Micelio
T 6800122130002008-00052-01Corte Suprema de Justicia · Sala Tutelas2008

Magistrado ponente: Pedro Octavio Munar Cadena

CORTE SUPREMA DE JUSTICIA CORTE SUPREMA DE JUSTICIA SALA DE CASACIÓN CIVIL Magistrado Ponente: PEDRO OCTAVIO MUNAR CADENA Bogotá, D. C., quince (15) de abril de dos mil ocho (2008). REF.- Exp. T. No. 68001 22 13 000 2008 00052 -01 Decídese la impugnación interpuesta contra la sentencia de 6 de febrero de 2008, mediante la cual el Tribunal Superior del Distrito Judicial de Bucaramanga, Sala Civil-Familia, negó la tutela promovida por Luis Alejandro Zafra Jiménez y Rodolfo Jiménez contra los Juzgados Noveno Civil del Circuito y Trece Civil Municipal de la misma ciudad.

EL RECLAMO CONSTITUCIONAL Y SU FUNDAMENTO 1. Los accionantes demandaron la protección constitucional del derecho fundamental al debido proceso, presuntamente vulnerado por los funcionarios acusados, dentro del proceso ejecutivo adelantado por Alirio Suárez Puentes contra Gonzalo Alberto Pérez Rodríguez, al negar el levantamiento de la medida cautelar de secuestro practicada sobre el predio rural Lote 1 Albania, practicada el 9 de marzo de 2006, por el Juzgado Promiscuo Municipal de El Socorro. 2.

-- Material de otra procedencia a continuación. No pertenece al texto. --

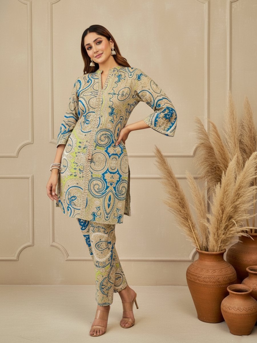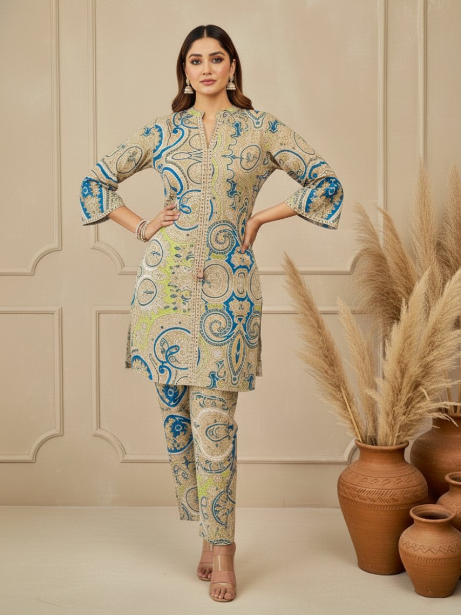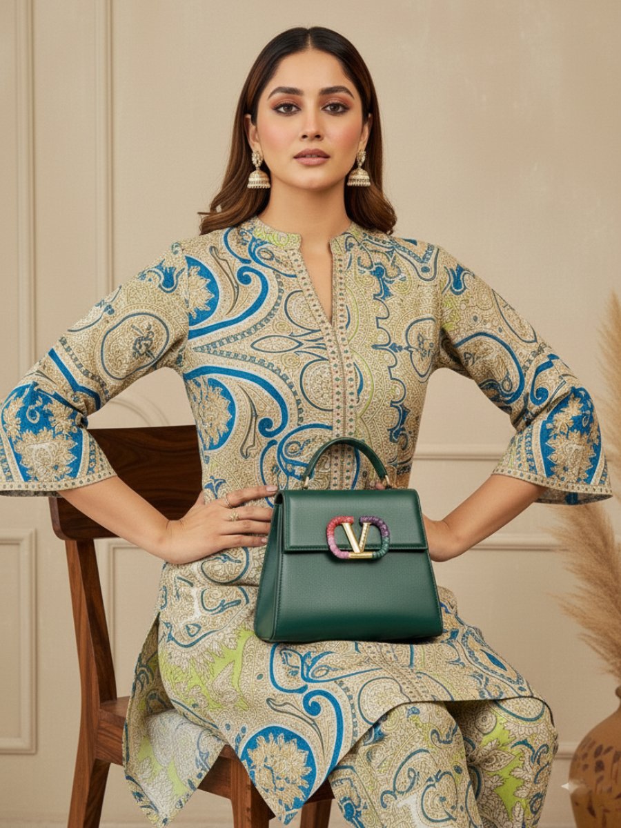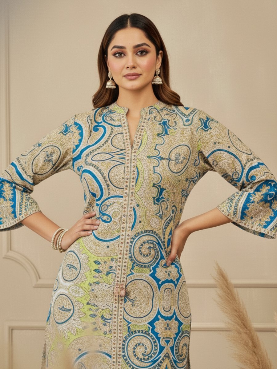The Stylish Maslin Digital Print Kurta Pant Set: Classy & Comfortable

Expusieron los peticionarios como sustento de su reclamo constitucional, en síntesis, que dentro del término legal formularon incidente para procurar el levantamiento de las medidas cautelares practicadas sobre el aludido inmueble, en atención a la posesión real y material que ejercían sobre las mejoras existentes en el mismo, solicitud que fue negada por el Juzgado Trece Civil Municipal de Bucaramanga arguyendo que los mismos no eran propietarios de dicho bien, pues no contaban con un justo titulo que demostrara una posesión de buena fe. 3.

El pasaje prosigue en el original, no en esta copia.